FINLAND HAS PROVEN RESILIENT IN THE FACE OF ADVERSITY BUT MUST REINFORCE THE UNDERPINNINGS FOR LONG-TERM PROSPERITY

Strong institutions and policy frameworks, including longstanding efforts to be prepared for external headwinds, coupled with an innovative, flexible private sector have helped the country weather the global energy shock in 2022 and sharply rising geopolitical tensions. The economy is recovering but Finland needs reforms to realise its huge potential in the transition to net zero that can underpin a long-term rise in living standards.

The economy and society have shown remarkable resilience to the severe economic and security shock resulting from Russia’s illegal war of aggression against Ukraine. Finland has maintained the second cheapest electricity in Europe and Finnish firms have efficiently replaced imports from Russia.
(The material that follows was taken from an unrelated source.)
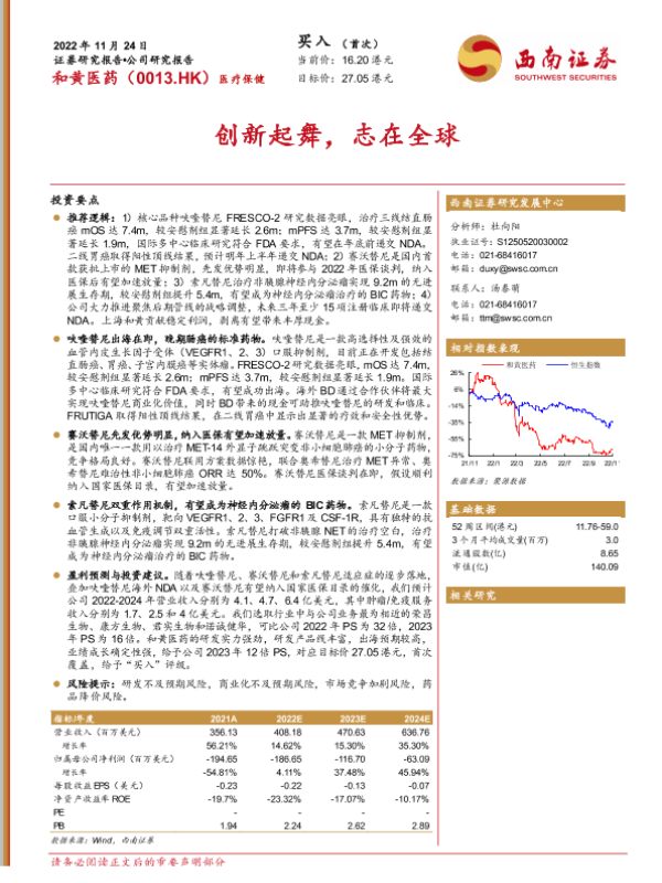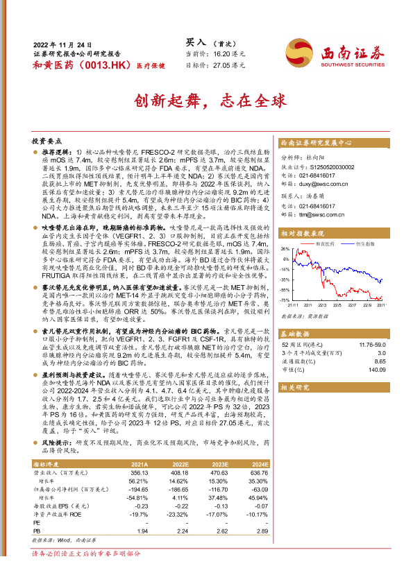 【西南证券】【20221124】和黄医药:创新起舞,志在全球-28页

The banking system has coped well with a sizeable real estate sector downturn. The highly redistributive tax and welfare system has limited the fallout for the most vulnerable in society.

Finland can build a stronger, more sustainable recovery by realising its high potential in the transition to net zero emissions. A long tradition of sustainable management of vast forests and improving industrial energy efficiency, engineering prowess and enormous potential to generate more renewable electricity provide solid foundations

to boost productivity growth, jobs and meet environmental goals. Sustainable growth is key to generating public revenue for addressing the already apparent challenges of a rapidly ageing population.

Realising this potential is impeded by a lack of regulatory recognition of emissions reduction technologies and shortages of highly skilled labour and capital to help Finland’s firms scale up low emissions innovations. Reforms to boost tertiary attainment rates, make the most out of highly skilled migrants, crowd in private green investment and introduce frontier emissions reduction, storage and trading policy frameworks will be needed to realise the full advantages of net zero.

CONTINUING FISCAL CONSOLIDATION, WHILE BOLSTERING STRUCTURAL REFORMS TO REVIVE INNOVATION AND PRODUCTIVITY

Economic activity is projected to grow by 0.7% in 2025 and 1.1% in 2026, driven by declining interest rates. However, the near-term recovery is subject to high uncertainty from geopolitical tensions and trade policy risks. Improving public spending efficiency, reducing non-productivity-enhancing state-aid and addressing labour market mismatches, raising skill levels, increasing access to capital market finance and fostering innovation and investment are critical to sustaining the recovery and reviving productivity growth.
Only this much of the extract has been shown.